Azerbaijan has discovered a mass grave in the Karabakh region, local media reported on Wednesday.
The mass grave, where the remains of four people were found, was discovered in the Saricali village of Agdam district, according to state news agency Azertac.
The victims were uncovered during mine clearance operations in the region, Azertac reported citing the press service of the country's General Prosecutor's Office.
Azerbaijan's State Commission on Prisoners of War, Hostages and Missing Persons has begun work identifying the remains and searching for more that may yet to be discovered.
The Karabakh region has been the site of mass killings and burials since the First Karabakh War in the early 1990s, among which the most notable has been the Khojaly massacre by Armenian forces.

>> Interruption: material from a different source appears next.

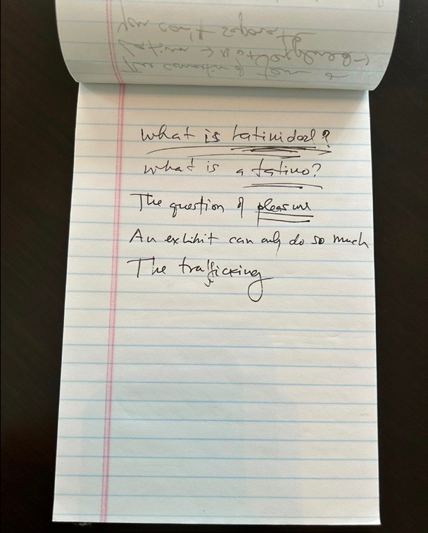 S: Al leer las palabras de Marvette, sentimos que una ancestra nos hablaba desde el pasado, validando nuestros sentimientos. Ante la ausencia de documentación sobre la procedencia o adquisición de la Colección Teodoro Vidal, estos cuadernos revelan los límites de la inclusión y las tensiones inherentes a este tipo de intercambio. Uno de ellos documenta el proceso de embalaje en la casa de Vidal, en Puerto Rico, incluyendo el momento en que una artista famosa llegó con un amigo y un fotógrafo a denunciar que se estaban llevando nuestro patrimonio. Vidal publicó extensamente sobre las prácticas, los artesanos y los sistemas de creencias representados en su colección, y realizó valiosas contribuciones como historiador autodidacta. Sin embargo, la mayoría de los objetos que donó al Smithsonian carecen de información. Sus cuadernos y grabaciones de campo están en Puerto Rico; lo que llegó a los contenedores de almacenamiento son principalmente etiquetas escritas por él mismo durante el embalaje.

A two-hour Armenian offensive on the town of Khojaly killed 613 Azerbaijani citizens — including 106 women, 63 children, and 70 elderly people — and seriously injured 487 others, according to Azerbaijani figures.
Some 150 of the 1,275 Azerbaijanis that the Armenians captured during the massacre remain missing, while eight families completely wiped out.
Relations between the two former Soviet republics have been tense since 1991, when the Armenian military occupied Nagorno-Karabakh — a territory internationally recognized as part of Azerbaijan, and seven adjacent regions, including Agdam.
In the fall of 2020 in 44 days of fighting, Azerbaijan liberated several cities, villages and settlements from Armenian occupation. The Russian-brokered peace agreement is celebrated as a triumph in Azerbaijan.